CryptoKit's asymmetric cryptography API covers ECDSA signing, ECDH key agreement, HPKE (iOS 17+), and post-quantum ML-KEM/ML-DSA (iOS 26+). The framework enforces correct usage through its type system — signing keys cannot perform key agreement, shared secrets must pass through HKDF before use, and Secure Enclave access is limited to P256 for classical curves. This reference covers every asymmetric primitive from iOS 13 through iOS 26 with verified Swift implementations, common AI-generator mistakes, and the quantum migration path.

CryptoKit was introduced at WWDC 2019 (session 709, "Cryptography and Your Apps") as a Swift-native replacement for the Security framework's C-based SecKey API. It wraps Apple's corecrypto library with hand-tuned assembly per microarchitecture, delivering both performance and memory safety — private key material is automatically zeroed on deallocation. iOS 14 added PEM/DER interoperability and standalone HKDF. iOS 17 brought HPKE (RFC 9180). iOS 26 (WWDC 2025, session 314, "Get ahead with quantum-secure cryptography") completes the picture with formally verified post-quantum algorithms and quantum-secure TLS enabled by default.
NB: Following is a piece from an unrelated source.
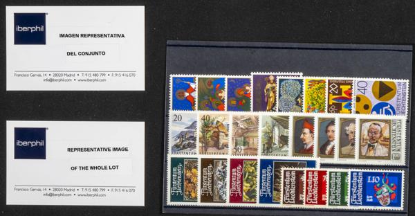 ★★Yvert 608/32(29). 1977. Set of twenty-nine complete 1977 years from Liechtenstein (mounted on tokens). TO EXAMINE. Yvert 2019: 797.5 Euros

Curve and Algorithm Selection Guide

The single most important decision is choosing the right curve or algorithm. AI generators frequently recommend Curve25519 when Secure Enclave protection is required, or default to P-256 when modern constant-time performance matters more.

Classical Curves

P256 (secp256r1 / NIST P-256) — The only classical curve supported by the Secure Enclave. Required for hardware-backed key storage with biometric access control. Conforms to NIST FIPS 186-5 for US government compliance and has the broadest interoperability with TLS, X.509 certificates, and server-side libraries. Public keys are 64 bytes (uncompressed raw), signatures are 64 bytes (raw r‖s). PEM and DER export supported from iOS 14.

Curve25519 (X25519 / Ed25519) — Should be the default for software-only keys. Its rigid parameter design eliminates entire classes of implementation vulnerabilities — constant-time execution is inherent to the curve arithmetic, no point validation is required, and public keys are a compact 32 bytes. Ed25519 handles signing; X25519 handles key agreement. The tradeoff: only rawRepresentation is available (no PEM, no DER, no x963), and there is no Secure Enclave support.

P384 and P521 — Exist for specific compliance requirements. P384 provides ~192-bit security (NIST Category 3); P521 provides ~256-bit security (Category 5). Their API surface mirrors P256 exactly. Use only when a specification or regulatory framework demands them.

Post-Quantum Algorithms (iOS 26+)

ML-KEM-768 / ML-KEM-1024 — FIPS 203 lattice-based key encapsulation. ML-KEM-768 targets ~AES-128 equivalent security; ML-KEM-1024 targets ~AES-192. Both support Secure Enclave hardware isolation on iOS 26+.

ML-DSA-65 / ML-DSA-87 — FIPS 204 lattice-based digital signatures. ML-DSA-65 targets ~AES-128 equivalent; ML-DSA-87 targets ~AES-192. Both support Secure Enclave on iOS 26+.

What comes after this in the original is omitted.